In Union Parish, the highway enters Bernice, where it follows another one-way pair (Cherry and Plum Streets). In this small town, LA 2 Alt. utilizes the alignment of US 167 to reconnect to its parent route, LA 2. In Lillie, US 167 intersects the northern terminus of LA 15 just west of Spearsville. The route then curves northwest toward Junction City, located on the Arkansas state line. US 167 follows Main Street through town and intersects LA 9 (West Fifth Street). At 3rd Street, the highway crosses the state line into Junction City, Arkansas and proceeds northward co-signed with US 63 toward El Dorado.

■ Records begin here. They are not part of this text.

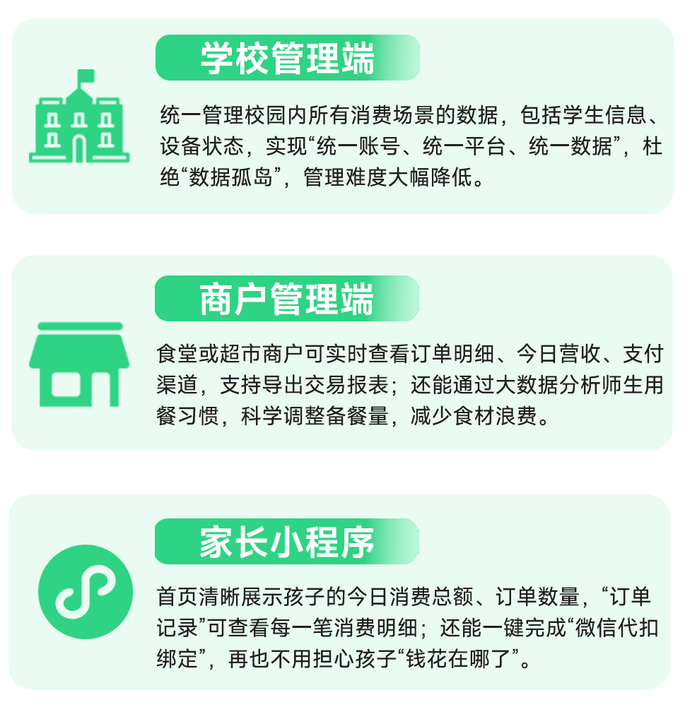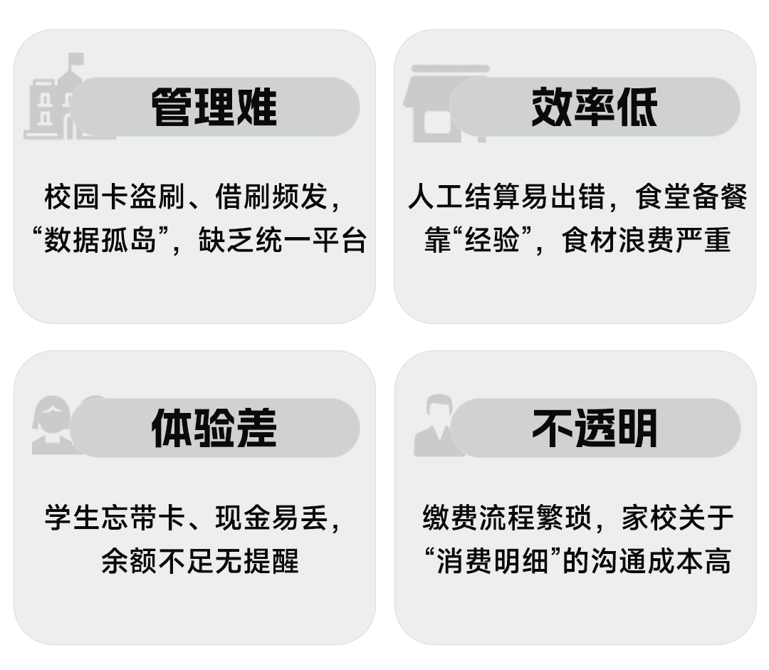 政策导向下,传统校园消费模式的短板愈发凸显,成为行业共性难题。如管理端存在校园卡盗刷、借刷频发,消费数据分散形成“数据孤岛”;效率端依赖人工结算易出错,食堂备餐凭“经验”导致供需失衡、食材浪费严重;体验端学生忘带卡、现金丢失问题突出,家长难以追溯消费记录、担忧营养摄入;透明化层面则面临缴费流程繁琐、家校关于消费明细的沟通成本高等问题。在此背景下,“科技赋能校园消费”成为行业破局的核心方向。
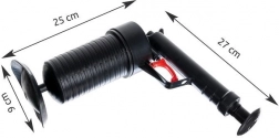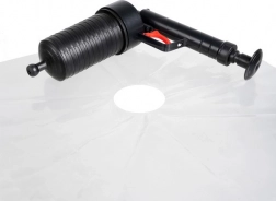 tlačni bat/pištola, 4 nastavki (WC, umivalnik, korito, odtok), zaščitna folija z odprtino za WC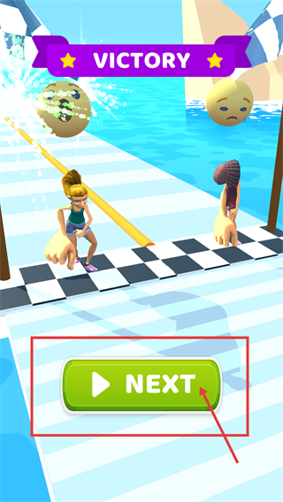 4、通關(guān)后界面會(huì)顯示【VICTORY】提示,點(diǎn)擊標(biāo)注的【NEXT】按鈕,即可進(jìn)入下一個(gè)關(guān)卡,繼續(xù)挑戰(zhàn)更復(fù)雜的賽道。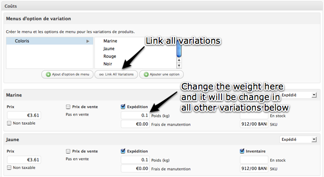 As you can see in the image above, the first variation has a small background with rounded corners (css3). Of course you can style the list like you want, it's just an exemple... You may have to change the css to fit in your template.So, I hope this quick tutorial will help you to display your products variations.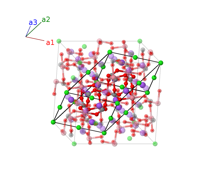 | $\mathbf{B_{27}}$ | = | $- x_{4} \, \mathbf{a}_{1}- x_{4} \, \mathbf{a}_{2}+\left(x_{4} + \frac{3}{4}\right) \, \mathbf{a}_{3}$ | = | $\frac{3}{8}a \,\mathbf{\hat{x}}+\frac{3}{8}a \,\mathbf{\hat{y}}- a x_{4} \,\mathbf{\hat{z}}$ | (48f) | Na I |

====Route classification and data====
US 167 has several different functional classifications over the course of its route, as determined by the Louisiana Department of Transportation and Development (La DOTD). The route is classified as an urban principal arterial through most of the cities it serves. Outside of town, the majority of the route serves as a rural minor arterial south of Alexandria and as a rural principal arterial northward. Two notable exceptions are the portions running concurrent with I-49, which are classified as urban and rural interstates, and the portion between Ville Platte and Turkey Creek, which is a rural major collector. Daily traffic volume in 2013 peaked at 53,500 vehicles in Lafayette and 56,100 in Alexandria, both along concurrencies with I-49. The lowest count reported was 1,110 vehicles north of Turkey Creek.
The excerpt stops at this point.